Exclusive: U.S. troop strength in Afghanistan down to close to 8,600 ahead of schedule – U.S. and NATO officials


WASHINGTON/MUMBAI (Reuters) – U.S. troop strength in Afghanistan is down to almost eight,600, properly ahead of a schedule agreed with Taliban militants in late February, in half as a result of of issues concerning the unfold of the coronavirus, U.S. and NATO officials stated.

A key provision of the Feb. 29 settlement between the Taliban and the United States – to which the Afghan authorities was not a celebration – concerned a U.S. dedication to cut back its navy footprint in Afghanistan from about 13,000 to eight,600 by mid-July and, circumstances allowing, to zero by May 2021.

Two senior sources in Kabul stated the eight,600 goal was probably to be achieved by early June.

Two U.S. officials, talking on the situation of anonymity, stated that the United States was close to eight,600 troops and may attain that quantity in coming days.

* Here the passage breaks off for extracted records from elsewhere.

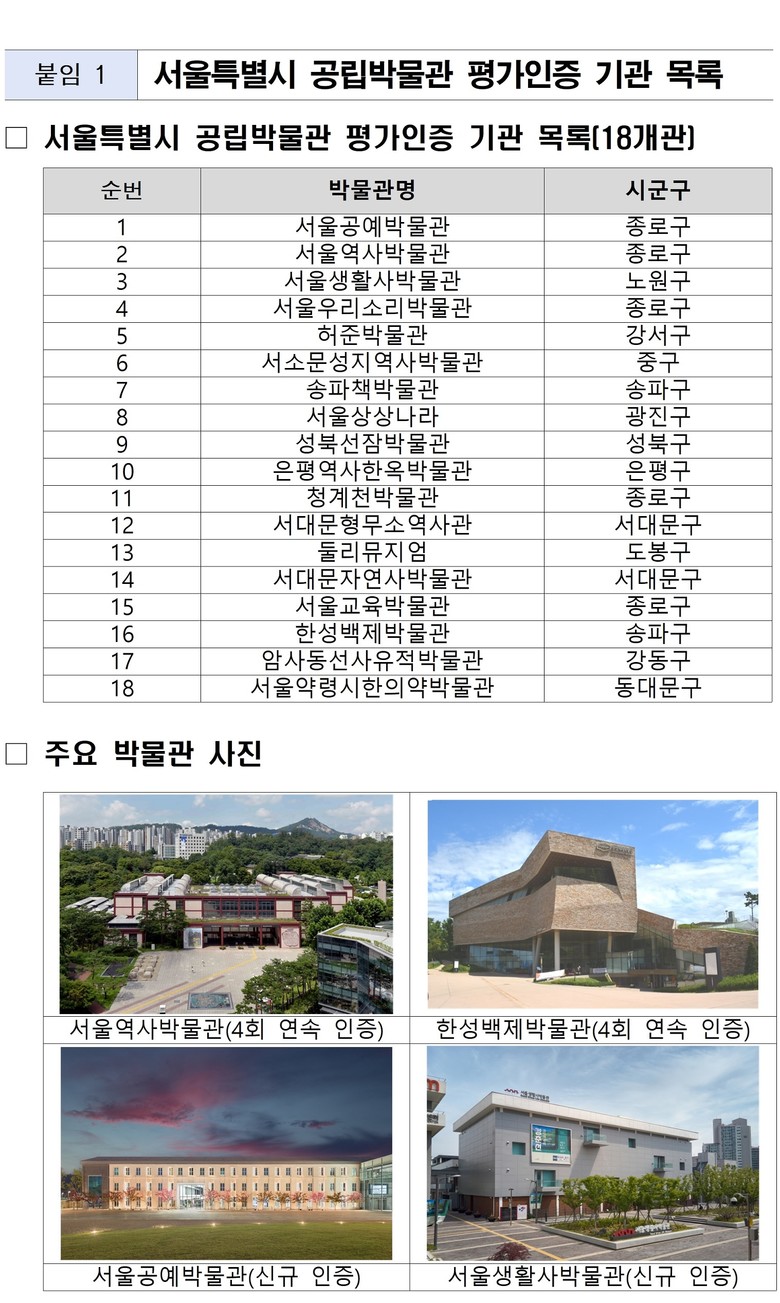 특히 서울역사박물관(종로구), 한성백제박물관(송파구), 서울상상나라(광진구), 서대문자연사박물관(서대문구), 허준박물관(강서구) 등 5개소는 2017년 제도 도입 이후 4회 연속 인증을 달성하며 안정적인 운영 역량과 우수한 공공서비스 품질을 지속적으로 인정받았다.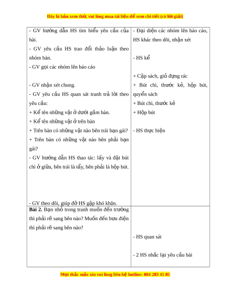 Đây là bản xem th , vu ử i lòng mua tài li u ệ đ xe ể m chi ti t (c ế ó l i ờ gi i ả ) - GV hư ng ớ d n ẫ HS tìm hi u ể yêu c u ầ c a ủ - Đ i ạ di n ệ các nhóm lên báo cáo, bài. HS khác theo dõi, nh n ậ xét - GV yêu c u ầ HS trao đ i ổ th o ả lu n ậ theo nhóm bàn. - HS kể - GV g i ọ các nhóm lên báo cáo + C p ặ sách, giỏ đ ng r ự ác - GV nh n xét ậ chung. + Bút chì, thư c ớ k , ẻ h p ộ bút, - GV yêu c u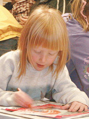 by Delsa Allen Four-year-old Brittney Hill traces some bunny artwork at the Kids' Christmas Party at the Sublette County Library in Pinedale Saturday evening after the parade. Brittney was just one of many kids who showed up for the fun-filled event. See The Archives for past articles. Copyright © 2002, 2003 Sublette Examiner All rights reserved. Reproduction by any means must have permission of the Publisher. Sublette Examiner, PO Box 1539, Pinedale, WY 82941 Phone 307-367-3203 examiner@wyoming.com |

“Due to COVID-19 concerns, we are moving towards that planned drawdown faster than anticipated,” one of the officials stated.

The different U.S. official stated the United States had centered on rapidly eradicating non-important personnel and these thought-about to be at excessive danger from the virus.

All 4 sources requested not to be recognized due to the sensitivity of the matter.

On Tuesday, U.S. President Donald Trump there have been “7,000-some-odd soldiers” in Afghanistan however officials clarified that quantity was barely over eight,600 troops.

Trump renewed his want for a full navy withdrawal from Afghanistan however added that he had not set a goal date, amid hypothesis he may make ending America’s longest struggle half of his re-election marketing campaign.

The Taliban, who dominated Afghanistan with an iron fist from 1996 to 2001, have sought to topple the Western-backed authorities in Kabul and reimpose Islamic rule. They dismiss the Kabul authorities as a puppet of the United States.

Additional reporting by Phil Stewart; Editing by Euan Rocha and Nick Macfie

Our Standards:The Thomson Reuters Trust Principles.